There appears to be some pretty extreme racism in there masked by it being entirely about white people. 'This end of the country is made of accredited professional stock, therefore is genetically smarter vs this bit is inbred cousin-marriers who are just gonna be dummies.'
I wondered for a while if it was using genetics to attempt to map where cultural divides had reduced intermarriage, but yeesh. It's hardly acknowledging non-genetic cultural patterns or historic concentrations of wealth at all. Kinda hard to climb the regional intelligence ladder (barf) when your school system isn't getting the big city bucks and there's not really been a big national push to patch up district and state funding disparities.
Well he also mentions southern Europeans being "clannish" vs the "outbred" NE residents. What he's probably talking about here is the difference between more urbanized population vs rural population family models. Southeast England was much more urbanized and densely populated, so they probably had smaller family sizes in terms of extended family and more contacts to select for marriage. Different dynamics completely, especially once the industrial revolution really kicked off.

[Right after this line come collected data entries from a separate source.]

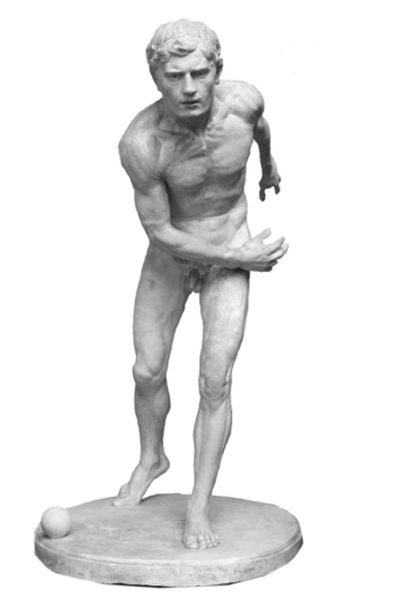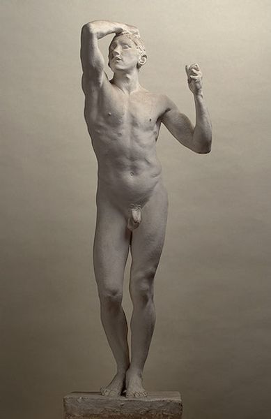 Editor: This is "The Hunter", a bronze sculpture by Svend Rathsack, created in 1941. There is a stark and classic feel to it, which gives the piece an ageless and enduring quality, particularly in the figure’s strong, athletic build and pose. What visual aspects stand out to you most prominently? Curator: Observe the statue's smooth surfaces. How does that surface contribute to your reading of the Hunter’s heroic nature, particularly given the formal properties of light as it interacts with the form? Editor: I think it emphasizes an idealized physique and amplifies the sense of serene nobility in this sculptural rendering. The bronze, smoothed to a gleam, appears untouched, flawless, elevating it. Can we relate that aesthetic back to Classical Realism? Curator: Precisely. Consider the pronounced musculature and its contribution to the sculpture's dynamism. Also consider how the use of contrapposto, evident in the shift of weight and the opposing twist in the shoulders and hips, animates the figure. It all speaks to classical ideals. Editor: The slight asymmetry created through this contrapposto definitely injects some life into what could otherwise be quite static. What purpose does that tension fulfill here? Curator: It compels the eye to move throughout the composition, preventing stagnation and instead creating a dynamic interplay between the body's various components, enhancing the viewing experience. Editor: That interplay gives me a deeper appreciation for Rathsack's technique and intentional design. Curator: Indeed, observing such compositional decisions offers a richer encounter with this powerful sculpture.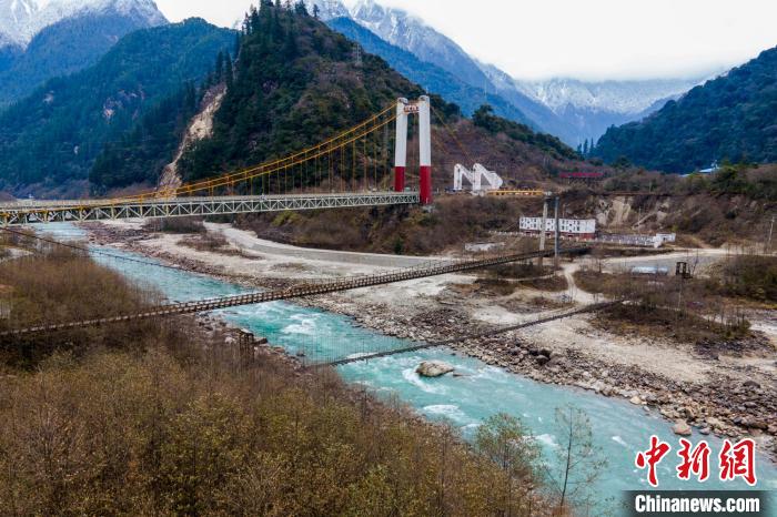 資料圖為2023年1月15日,航拍川藏公路西藏波密通麥大橋,大橋下方為通麥老橋。記者 江飛波 攝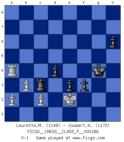 Last move : 0-1 2017 March 7 21:8:57 [Event "FICGS__CHESS__CLASS_F__000186"] [Site "FICGS"] [Date "2017.01.31"] [Round "1"] [White "Leurette,Marc-Antoine"] [Black "Joubert,Hennie"] [Result "0-1"] [WhiteElo "1148"] [BlackElo "1173"] 1.e4 c5 2.Nc3 Nc6 3.Nf3 e6 4.d4 cxd4 5.Nxd4 Nf6 6.Nxc6 bxc6 7.e5 Nd5 8.Nxd5 cxd5 9.b3 d6 10.Bb5+ Bd7 11.Bxd7+ Qxd7 12.Bb2 dxe5 13.Bxe5 f6 14.Bb2 Qb5 15.Qd2 Rc8 16.O-O-O Bb4 17.Qe3 e5 18.Qd3 Qxd3 19.Rxd3 d4 20.f3 Kf7 21.g4 h6 22.h4 Rc7 23.h5 Rhc8 24.Rh2 Bc3 25.Bxc3 Rxc3 26.Rxc3 Rxc3 27.Rf2 g6 28.Kd2 gxh5 29.gxh5 Ke6 30.f4 e4 31.Re2 Kf5 32.Rg2 Kxf4 33.Rf2+ Kg5 34.Rg2+ Kxh5 35.Rg7 f5 36.Rxa7 f4 37.Ra5+ Kg4 38.Ra4 e3+ 39.Ke2 f3+ 0-1 Sicilian : Closed, 2...Nc6 Queenside Castling by player White (move 16) Player Black won this chess game. Follow this game move after move (download)Live, lose, and learn, by observing your opponent how to win. (Amber Steenbock) Schach ist mein Leben, meine Leidenschaft, was ich gelernt habe und seit meinem 14. Lebensjahr profimässig praktiziere. Darauf zu verzichten, würde mir sehr schwer fallen. (Viktor Kortschnoi) El Ajedrez es una hermosa aventura. (Bent Larsen) Il vaut mieux sacrifier les pièces de l'adversaire. (Xavier Tartacover) He who laughs last probably does not get the joke. (Unknown)

It's common for two extended clan-type families to exchange female members by marriage over multiple generations. So any thing about "marrying your cousin" needs to be understood in terms of this family model. You have two allied clans, and over generations, they intermarry daughters from one clan into the other. Note: under this model that daughter now becomes a member of her new clan, and you generally cannot marry someone from the same clan. So yes there is inbreeding, but it's controlled through ritual and customs. The inbreeding is because two clans can swap members each generation, not because you marry someone from the same clan (although a clan can split into branches, and it's possible to marry someone on a different branch. But technically, they're a different extended family). This system may have largely broken down however in more recent years. Think Beverley Hillbillies "Granny" character. She's in there to represent the
clannish extended-family thing, which was seen as being distinctive to those Appalachian peoples. Granny exists as a character because to a urbanite Los Angeles person with their nuclear families and small households, the idea of grandma living with the adult son and his family was seen as unusual and different.
Even American indian tribes basically worked the same way, I was reading a book once that was talking about anthropology explaining totems. Originally they were thought to have some mysterious ritual significance, until someone explain the very sensible and explainable reason for having them, at least as far as some tribes went. Totems were basically clans within a tribe, and they dictated who you could marry, so if you were e.g. in the Wolf totem, you couldn't marry someone from the Wolf totem, but you could marry someone from the Eagle totem. The wife then takes on the husband's totem. Then next generation, your child could marry someone from the other totem again, who would technically be a cousin. So this, and the clan system of the Irish and Scottish who settled Appalachia were both methods for
controlling inbreeding. They weren't sources of inbreeding.